Оставшись в одиночестве, Пепе встал и подошел к окну. Он думал об отце, который всегда слушал «Nunc dimittis…»,строго выпрямившись и прижав руку к сердцу. Рита вернулась из кухни, и он помог ей надеть плащ. Они не говорили о том, что у них на душе, но было ясно – свадьбу опять придется отложить.
Спустился Тони и сообщил, что отец не спит.
– Сначала я думал, он заснул, но, наклонившись над ним, заметил, что он лежит с открытыми глазами. Я позвал его, но, кажется, он меня не слышал.
– Пожалуй, не стоит оставлять его одного, – сказал Пепе. – Тони, будь добр, проводи Риту домой.
Всю ночь Пепе пролежал в постели без сна, зная, что отец тоже не спит. На рассвете он услышал какой-то шорох. Он встал, набросил халат и прошел в соседнюю комнату. В полной темноте старик сидел в качалке. Пепе включил свет.
– Вы рано встали, папа.
– Я не мог заснуть.
– Да, мне тоже дождь не давал спать.
– Нет, не дождь. Пыль, пыль…
– Сегодня прислуга тщательно все здесь вытрет.

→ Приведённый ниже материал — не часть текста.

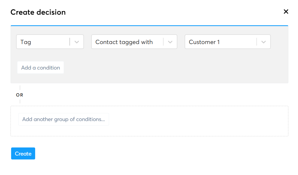 - Add a decision: Use the “Tag” filter → “Contact tagged with” → choose “Customer 1”.
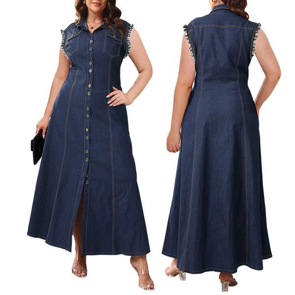 This is a stylish and edgy denim dress that exudes a cool and contemporary vibe. The frayed detailing on the sleeves adds a trendy and edgy touch, adding a touch of urban flair to the overall design. Crafted from denim fabric, this maxi dress offers a versatile and on-trend look that is perfect for both casual outings and more dressed-up occasions. Wanna have a try?
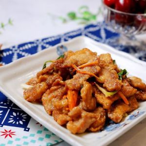 肉片别一次都放入,否则会粘在一起,炸的时候保持中火,控制好油温,否则很容易炸过了。
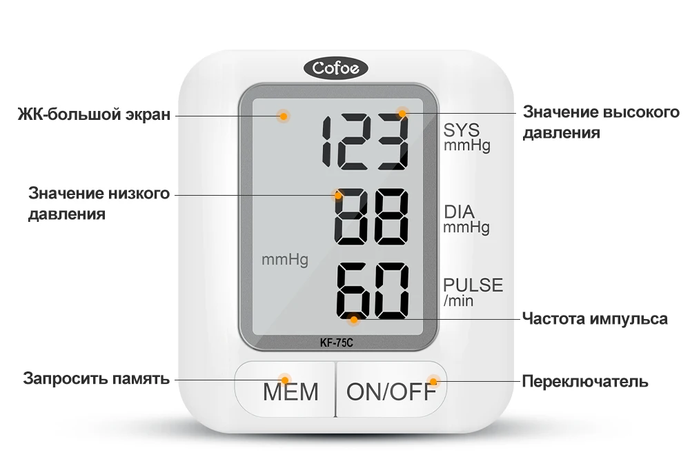 Название продукта: Cofoe цифровой монитор артериального давления на запястье Дисплей: большой светодиодный экран Наручные Размеры: 12,5*20 см Память данных: 192 набора Функция: проверка артериального давления и пульса

– И крабы. Они везде. Куда ни ступишь, обязательно раздавишь краба.
Пепе услышал, как гулко бьется его сердце.
– Крабы и пыль, крабы и пыль, крабы и пыль, – монотонно повторял старик в такт качалке.

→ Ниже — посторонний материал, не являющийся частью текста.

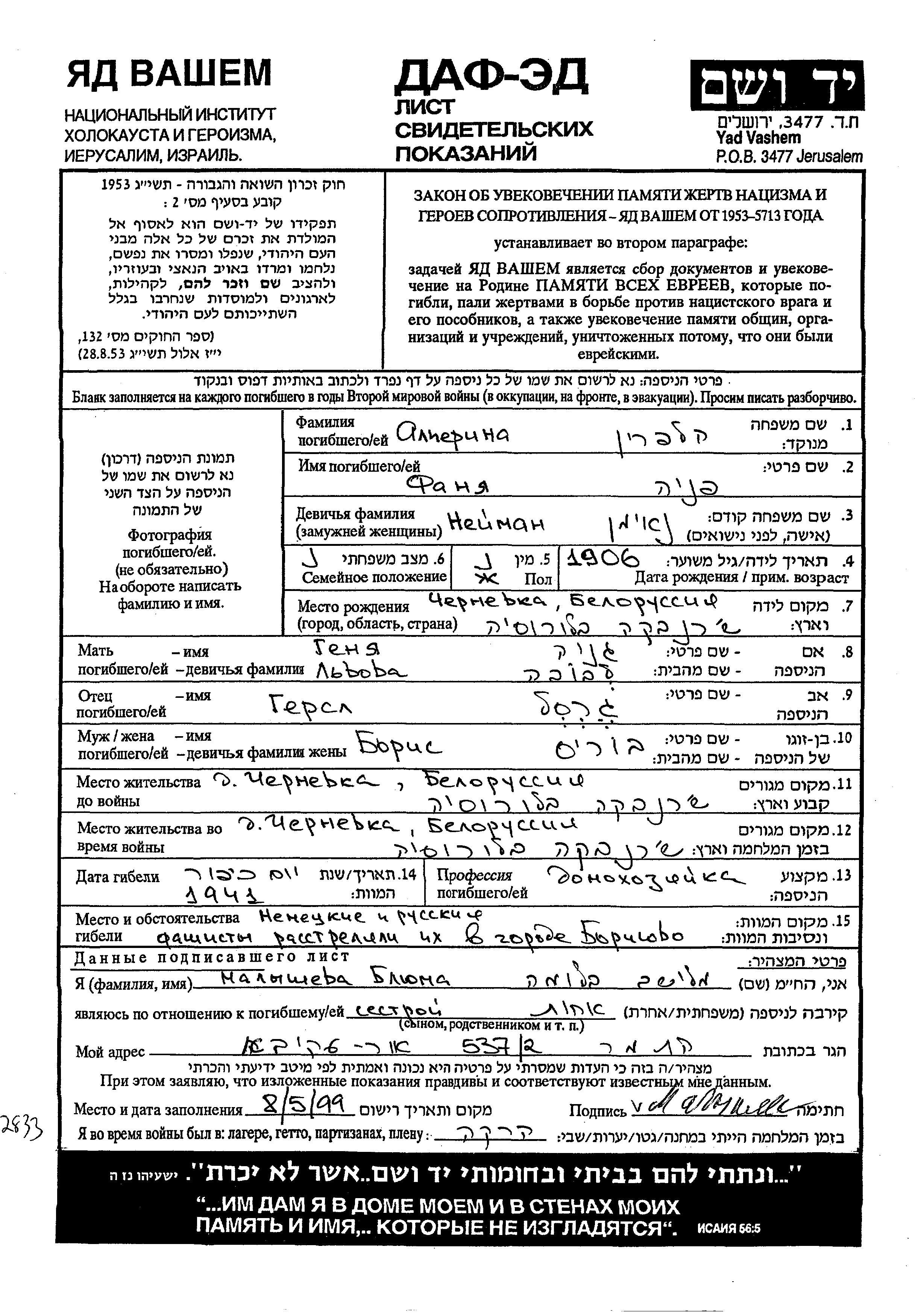 Fanya Alperin nee Neiman was born in Chernevka, Belorussia (USSR), 1906 to Gersl and Genya. She was a housewife and married to Boris. Prior to WWII she lived in Chernevka, Belorussia (USSR). During the war she was in Chernevka, Belorussia (USSR). Fanya was murdered in the Shoah. Place of death: Borisov, Belorussia (USSR), 1941.

– Может быть, примете снотворное, папа?
– Нет.
– А кофе будете?
– Да, спасибо.
Когда Пепе вернулся с кофе, старик все так же покачивался в кресле. Пепе пододвинул стул и сел напротив отца.

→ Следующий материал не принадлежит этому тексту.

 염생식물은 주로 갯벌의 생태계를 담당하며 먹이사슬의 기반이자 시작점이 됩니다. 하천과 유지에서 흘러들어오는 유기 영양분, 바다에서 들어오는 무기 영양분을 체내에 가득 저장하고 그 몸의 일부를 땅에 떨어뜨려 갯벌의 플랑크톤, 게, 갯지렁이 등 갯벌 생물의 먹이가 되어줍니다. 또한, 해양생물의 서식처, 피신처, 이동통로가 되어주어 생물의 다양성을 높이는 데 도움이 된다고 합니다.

– Расскажите мне о Маниле, папа. Как она показалась вам?
Старик молчал, покачиваясь в кресле. Он дул на кофе и отпивал его маленькими глотками.
Пепе чуть повысил голос:
– Вам понравилось в Маниле, папа?
Старик по-прежнему, казалось, ничего не слышал и мерно покачивался.
Пепе поставил свою чашку на пол, наклонился вперед и положил руку на колено отцу, чтобы остановить качалку.
– Послушайте меня, папа. Это я, Пепе, ваш сын. Со мной вы можете говорить откровенно. Вы можете сказать мне все.
Старик оторвал взгляд от чашки и посмотрел на него без всякого выражения.
– Расскажите мне, что случилось. Вы слышите меня? Умоляю, расскажите мне, что случилось.
Старик откинулся в кресле и закрыл глаза.
– Оставь меня, – вдруг холодно сказал он. – Ступай, ступай. Оставь меня в покое.
А сейчас, думал Пепе Монсон, выходя на улицу, Пако говорит то же самое, уткнувшись лицом в траву. Он замедлил шаг и оглянулся, пытаясь разглядеть Пако, лежавшего на дне чаши Кинг-парка. Но в темноте ничего не было видно. Тогда он повернулся и увидел перед собой мерцающую улицу, силуэты карликовых сосен по обочинам и огни машин, прорезавшие туман. За укутанной туманом дорогой стоял, поблескивая освещенными окнами, дом Пако, где ждала Мэри и стыл суп.
Теперь Пепе узнал то, что Мэри знала еще раньше. Хотя оба они не входили в Зазеркалье, зеркало дало трещину, и сквозь нее в их мир стали проникать пришельцы с той стороны. Сегодня из тумана выплыла модно одетая молодая женщина в черных мехах и в черной шляпке, в серых перчатках, с жемчугом на шее; потом выплыла похожая на мадонну дама в белом меховом жакете, с шарфом в горошек на шее и с золотыми монетами в ушах; выплыл Пако в темно-синем свитере с высоким воротом; выплыл его отец, распростертый в кресле без сознания, хотя глаза его были открыты, а рот улыбался.
«Есть же у тебя сила воли!»– крикнул он тогда Пако, а сейчас понял, что кричал призраку, что он сам попал в мир призраков.
«Рано или поздно они позовут меня, и я побегу к ним, как собачонка».
«И крабы. Они везде. Куда ни ступишь, обязательно раздавишь краба».
«Когда я была маленькой, я думала, что у всех людей два пупка».
«Когда я была маленькой, такие люди, как ваш отец, всегда были для меня образцом. Они были как бы моей совестью, существовавшей отдельно от меня».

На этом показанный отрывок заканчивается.